- [WORK INSTRUCTIONS]
Copy only what lies from the line containing "Cast iron cookware" through the line containing "新型コロナ感染状況 堺市以南 2021年7月1日" in the entries below, keeping both end lines exact and dropping every picture.
=== DATA FOR THIS TASK ===
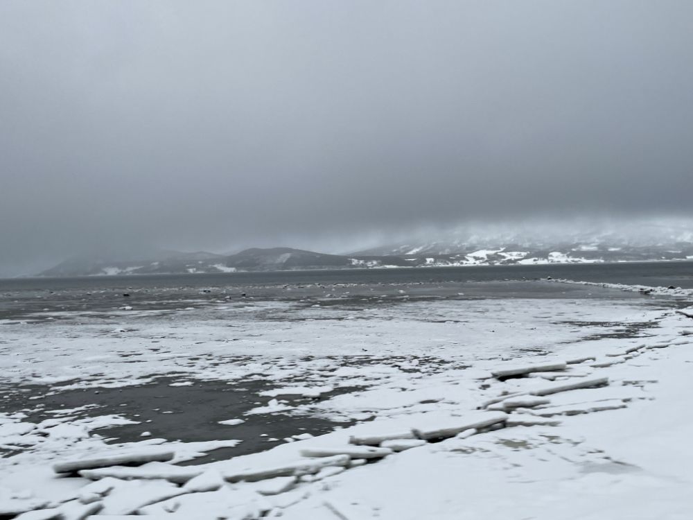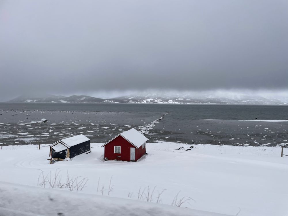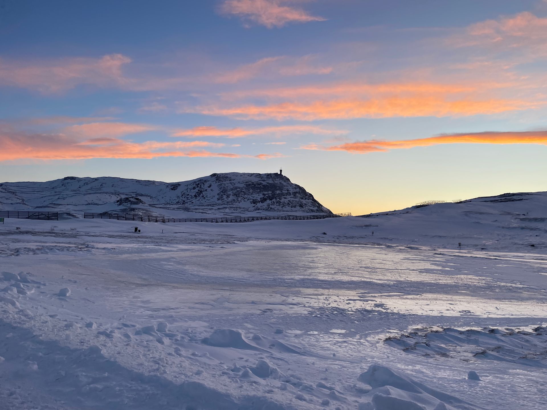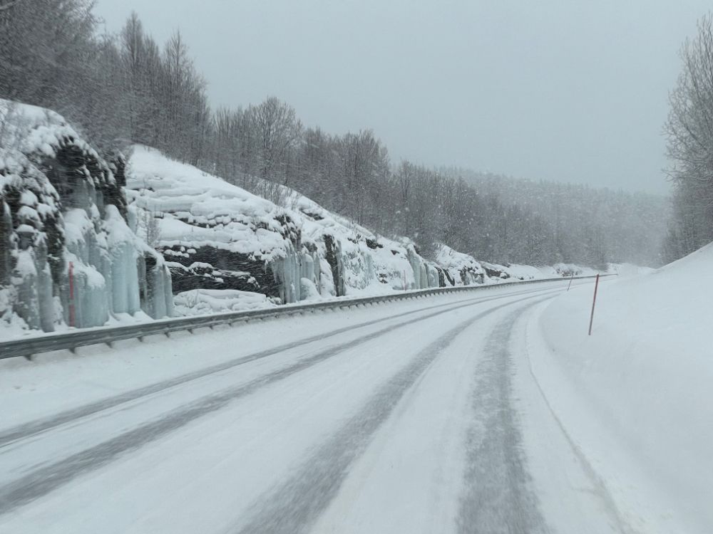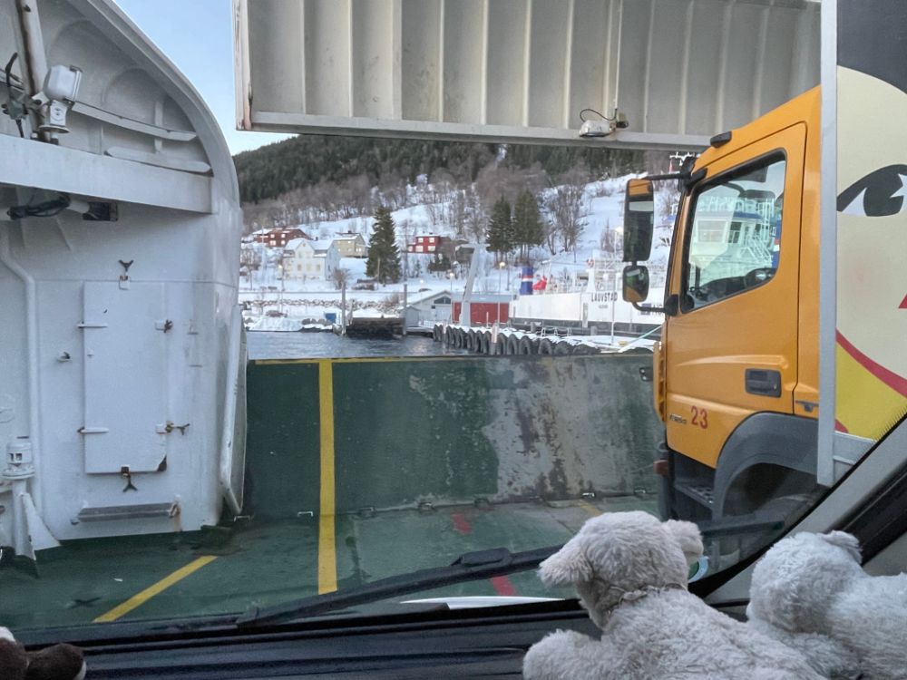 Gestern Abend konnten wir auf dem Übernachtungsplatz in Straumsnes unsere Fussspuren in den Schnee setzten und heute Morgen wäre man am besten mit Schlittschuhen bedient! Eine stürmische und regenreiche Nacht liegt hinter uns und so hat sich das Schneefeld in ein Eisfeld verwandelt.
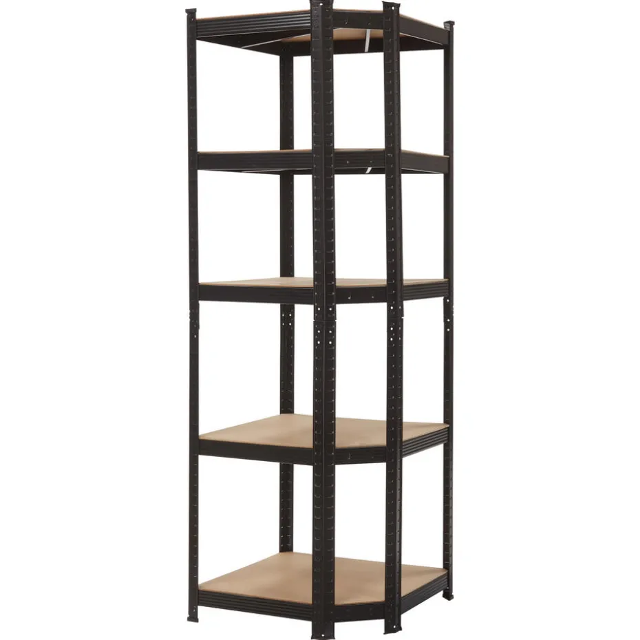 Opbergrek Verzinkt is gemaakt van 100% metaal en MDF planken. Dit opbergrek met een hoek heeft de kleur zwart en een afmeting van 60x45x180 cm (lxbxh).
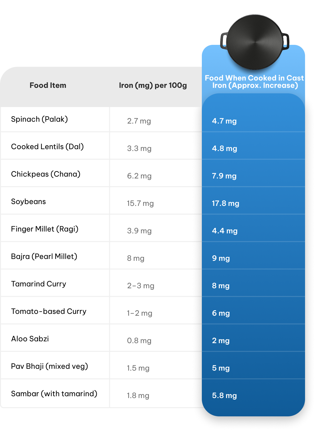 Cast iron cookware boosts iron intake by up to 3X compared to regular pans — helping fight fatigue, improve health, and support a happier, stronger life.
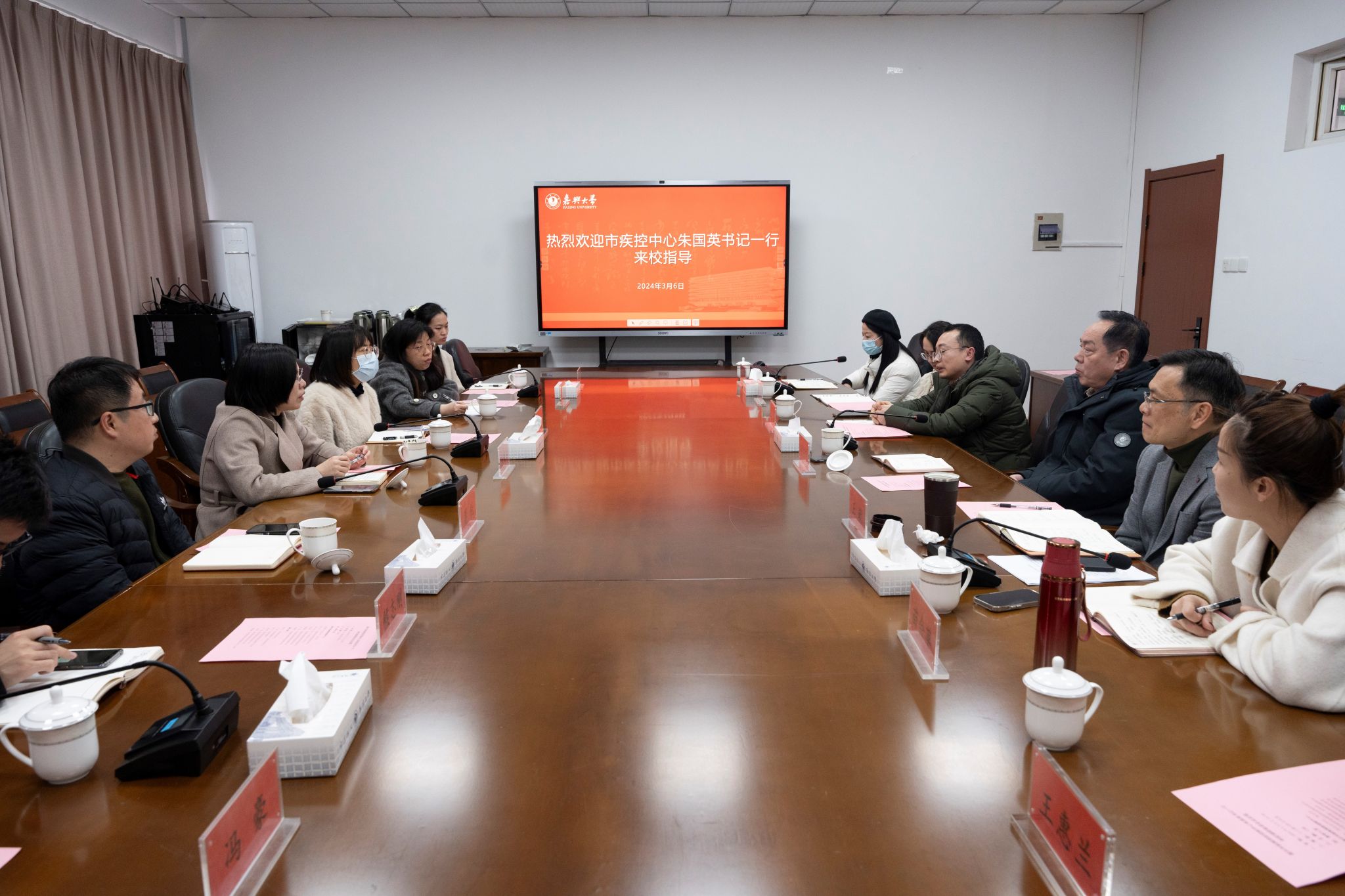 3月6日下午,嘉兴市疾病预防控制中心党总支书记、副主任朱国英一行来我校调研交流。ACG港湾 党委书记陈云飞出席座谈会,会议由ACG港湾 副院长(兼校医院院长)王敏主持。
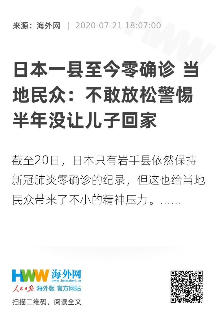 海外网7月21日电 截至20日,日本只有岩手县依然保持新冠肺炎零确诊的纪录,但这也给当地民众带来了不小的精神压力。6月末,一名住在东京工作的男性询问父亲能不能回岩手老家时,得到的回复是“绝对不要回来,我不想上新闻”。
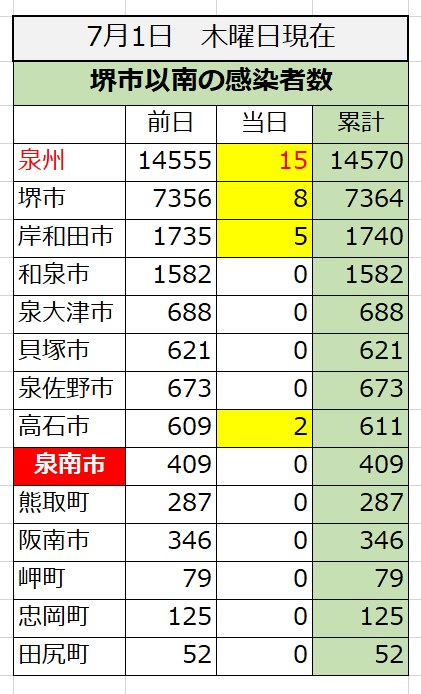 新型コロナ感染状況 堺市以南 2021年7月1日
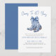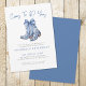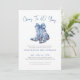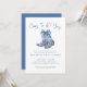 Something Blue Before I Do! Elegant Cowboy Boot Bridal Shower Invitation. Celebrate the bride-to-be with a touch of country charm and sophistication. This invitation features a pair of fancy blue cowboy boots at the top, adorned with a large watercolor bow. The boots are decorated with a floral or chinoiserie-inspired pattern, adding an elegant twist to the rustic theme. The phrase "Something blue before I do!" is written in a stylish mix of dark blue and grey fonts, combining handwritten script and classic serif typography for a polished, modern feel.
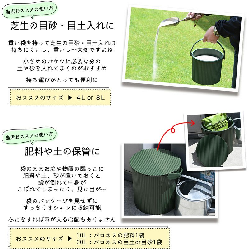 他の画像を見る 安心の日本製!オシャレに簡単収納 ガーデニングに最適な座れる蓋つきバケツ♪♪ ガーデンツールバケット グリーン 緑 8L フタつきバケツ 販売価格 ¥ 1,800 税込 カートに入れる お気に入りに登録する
===
- [SOLVED EXERCISE]
 Cast iron cookware boosts iron intake by up to 3X compared to regular pans — helping fight fatigue, improve health, and support a happier, stronger life.
 3月6日下午,嘉兴市疾病预防控制中心党总支书记、副主任朱国英一行来我校调研交流。ACG港湾 党委书记陈云飞出席座谈会,会议由ACG港湾 副院长(兼校医院院长)王敏主持。
 海外网7月21日电 截至20日,日本只有岩手县依然保持新冠肺炎零确诊的纪录,但这也给当地民众带来了不小的精神压力。6月末,一名住在东京工作的男性询问父亲能不能回岩手老家时,得到的回复是“绝对不要回来,我不想上新闻”。
 新型コロナ感染状況 堺市以南 2021年7月1日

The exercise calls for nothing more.